N0taN3rd / Squidwarc

Squidwarc is a high fidelity, user scriptable, archival crawler that uses Chrome or Chromium with or without a head
https://n0tan3rd.github.io/Squidwarc/
Apache License 2.0
166 stars 26 forks source link

TypeError in node-warc causes Squidwarc to crash #45

Closed machawk1 closed 5 years ago

machawk1 commented 5 years ago

Are you submitting a bug report or a feature request?

Bug report.

What is the current behavior?

Running Squidwarc 1a19eed5a1ea0ab1c8b608c2bffe104c84771184 (latest master) using docker-compose up. After a long process, I receive a TypeError:

Attaching to squidwarc
squidwarc    | Running Crawl From Config File warcs/conf.json
squidwarc    | With great power comes great responsibility!
squidwarc    | Squidwarc is not responsible for ill behaved user supplied scripts!
squidwarc    |
squidwarc    | Crawler Operating In page-only mode
squidwarc    | Crawler Will Be Preserving 1 Seeds
squidwarc    | Crawler Will Be Generating WARC Files Using the filenamified url
squidwarc    | Crawler Generated WARCs Will Be Placed At /Squidwarc
squidwarc    | Crawler Navigating To https://www.instagram.com/visit_berlin/
squidwarc    | Crawler Navigated To https://www.instagram.com/visit_berlin/
squidwarc    | Running user script
squidwarc    | Crawler Generating WARC
squidwarc    | A Fatal Error Occurred
squidwarc    |   TypeError: Cannot read property 'software' of undefined
squidwarc    |
squidwarc    |   - warcWriterBase.js:204 PuppeteerCDPWARCGenerator.writeWarcInfoRecord
squidwarc    |     [Squidwarc]/[node-warc]/lib/writers/warcWriterBase.js:204:15
squidwarc    |
squidwarc    |   - puppeteer.js:249 PuppeteerCrawler.genWarc
squidwarc    |     /Squidwarc/lib/crawler/puppeteer.js:249:31
squidwarc    |
squidwarc    |   - puppeteerRunner.js:72 puppeteerRunner
squidwarc    |     /Squidwarc/lib/runners/puppeteerRunner.js:72:21
squidwarc    |
squidwarc    |   - next_tick.js:68 process._tickCallback
squidwarc    |     internal/process/next_tick.js:68:7
squidwarc    |
squidwarc    |
squidwarc    | Please Inform The Maintainer Of This Project About It.
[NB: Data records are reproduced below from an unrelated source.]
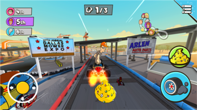 “梗百科”道具系统:道具均来源于动画梗。如拾取“时光机”可短暂令全场赛车倒着开,而“神秘盒”可能开出任何东西,从火箭筒到一只无用的渡渡鸟,高度还原动画的不确定性幽默。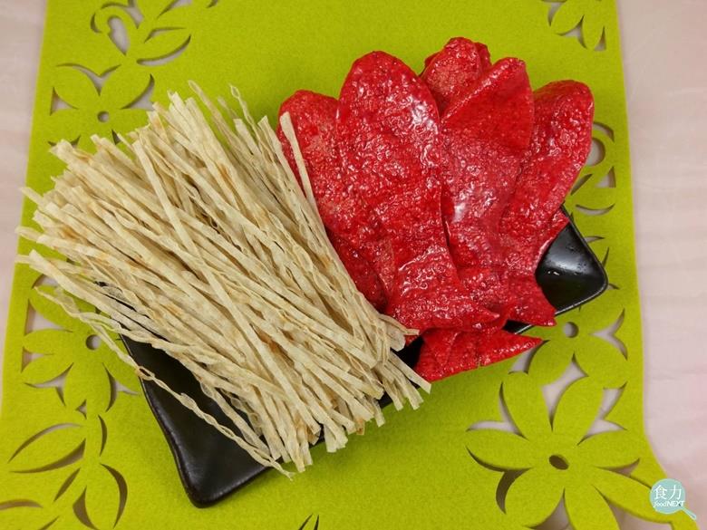 李娟娟說明,烘烤發泡後,緊接下來是「回軟、熟成」的步驟,在這個過程中調整大豬公成品的含水量,使其保持在8%,最後切成5x5cm、0.5mm厚度的大小,再加入糖汁、糖粉進行調味,使成品中的水分保持在12%的之間,而這樣的軟度是最ㄙㄨㄚˋ嘴的!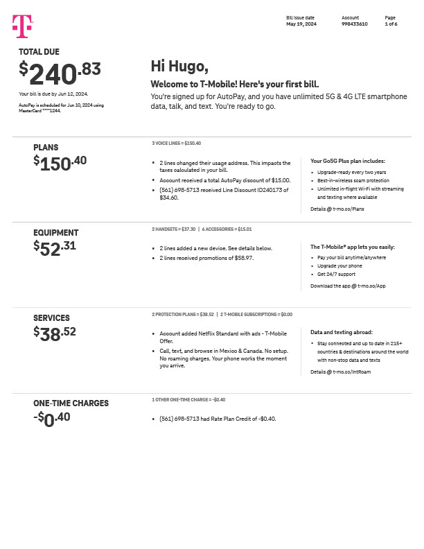 The USA T Mobile Us Editable Summary Bill Template boasts several valuable features, designed to cater to your professional needs:

Information In package.json
squidwarc exited with code 0

What is the expected behavior?

To not crash.

What's your environment?

macOS 10.14.2, node.js 10.12.0, Docker 18.09.0, Squidwarc 1a19eed5a1ea0ab1c8b608c2bffe104c84771184

Other information

This is an odd error to crash on.:

    if (winfo.software == null) {
      winfo.software = `node-warc/${this._version}`
    }

Is this the most reliable way to check if the software property is defined on winfo? Isolating this code in a separate file and fabricating an example does not crash node, but executes gracefully, so I think something else is at play.

machawk1 commented 5 years ago

Per #44, this is no longer an issue in the next branch but remains in master.

N0taN3rd commented 5 years ago

fixed via PR #47